The question is why Japan should be the only one of the G7 nations to forgo banning such flights. 

It is unacceptable to allow aircraft belonging to the aggressor Russia to fly through skies around the world, including Japan’s own, until the Russian military has completely withdrawn from Ukraine and aircraft of all nations can fly safely through Ukrainian skies. 

Speaking before the Diet, Prime Minister Kishida said, “Although various nations are in broad agreement on the measures (sanctions), there are differences in details.” He thereby showed hesitancy towards adopting a flight ban among the sanctions. 

If Japan were to ban Russian flights in its airspace, Russia in turn would be sure to ban Japanese aircraft from flying through its airspace. Flights from Japan to European cities would then not be able to fly by the shortest routes through Russian skies, but would instead have to take longer, roundabout routes. Using these alternative flight paths would take more time and expend more aviation fuel. 

Prime Minister Fumio Kishida answers questions in a Diet session.

It is said that some members of the Kishida administration have raised concerns about the economic losses that will be incurred, especially in terms of logistics and distribution. 

However, the fact is that since March 4, Japan Airlines (JAL) and All Nippon Airways (ANA) have rerouted their flights around Russian airspace.
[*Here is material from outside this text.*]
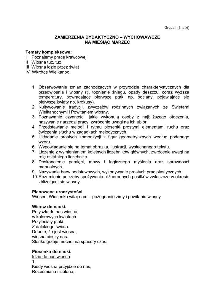 Grupa I (3 latki) ZAMIERZENIA DYDAKTYCZNO – WYCHOWAWCZE NA MIESIĄC MARZEC Tematy kompleksowe: I Poznajemy pracę krawcowej II Wiosna tuż, tuż III Wiosna idzie przez świat IV Wkrótce Wielkanoc 1. Obserwowanie zmian zachodzących w przyrodzie charakterystycznych dla przedwiośnia i wiosny (tj. topnienie śniegu, opady deszczu, coraz wyższe temperatury, powracające pierwsze ptaki np. bociany, pojawiające się pierwsze kwiaty np. krokusy). 2. Kultywowanie tradycji, zwyczajów rodzinnych związanych ze Świętami Wielkanocnymi i Powitaniem wiosny. 3. Poznawanie czynności, jakie wykonują osoby z najbliższego otoczenia, nazywanie narzędzi pracy, zwrócenie uwagi na ich ubiór. 4. Przedstawianie melodii i rytmu piosenki prostymi elementami ruchu oraz ćwiczenia słuchu w zagadkach melodycznych. 5. Układanie prostych kompozycji z figur geometrycznych według podanego wzoru. 6. Wypowiadanie się na temat obrazka, ilustracji, wysłuchanego tekstu. 7. Liczenie z wymienianiem kolejnych liczebników głównych, zwrócenie uwagi na rolę ostatniego liczebnika. 8. Doskonalenie pamięci, mowy i logicznego myślenia oraz sprawności manualnych. 9. Nazywanie barw podstawowych, wykonywanie prostych prac plastycznych. 10. Rozumienie potrzeby spożywania różnorodnych posiłków zwłaszcza w okresie zbliżającej się wiosny. Planowane uroczystości: Wiosno, Wiosenko witaj nam – pożegnanie zimy i powitanie wiosny Wiersz do nauki. Przyszła do nas wiosna w kolorowych kwiatach. Przyleciały ptaki Z dalekiego świata. Dobrze, że jest wiosna, wiosna cieszy nas. Słonko grzeje mocno, na spacery czas. Piosenka do nauki. Idzie do nas wiosna 1 Kiedy wiosna przyjdzie do nas, Roześmiana i zielona, Razem z wiosną wszystkie dzieci Zaśpiewają tak: Ref: Zielona trawa, zielony mech, Zielona żaba…rech, rechu, rech./ 2x 2 Rośnie trawa, rosną listki, Rosną szybko dzieci wszystkie. Przyfrunęły też bociany I klekocą tak: Ref: Zielona… 3 W lesie kwitnie już zawilec, Obudziły się motyle, A wieczorem nad łąkami Słychać żabi śpiew: Ref: Zielona …..

JAL has also suspended its flights to Moscow. Nor are Russian flights to Japan taking place.

By flying around Russian airspace, airlines no longer have to pay the rather steep overflight charges Russia demands. In any event, special considerations for cargo flights provide no justification for holding back from applying sanctions on Moscow. 

The Putin regime has already designated Japan and other countries that have imposed sanctions on it as “unfriendly nations.” And President Putin himself has likened the sanctions on Russia to an “an act of war.” 

Consequently, flying through Russian skies is already dangerous. 

Diet member Masahisa Sato, chairman of the Foreign Affairs Division of the Liberal Democratic Party, has lambasted the government’s response, declaring, “Won’t the message we end up sending be that [for Japan] making money is more important than saving [Ukrainian] lives?”

Furthermore, if there is a crisis involving Japan or Taiwan, if Western countries were to demur in imposing sanctions, citing logistics and distribution considerations, Japan would be in no position to object. 

We are talking about an ongoing war of aggression. Prime Minister Kishida needs to look at the big picture and ban Russian flights.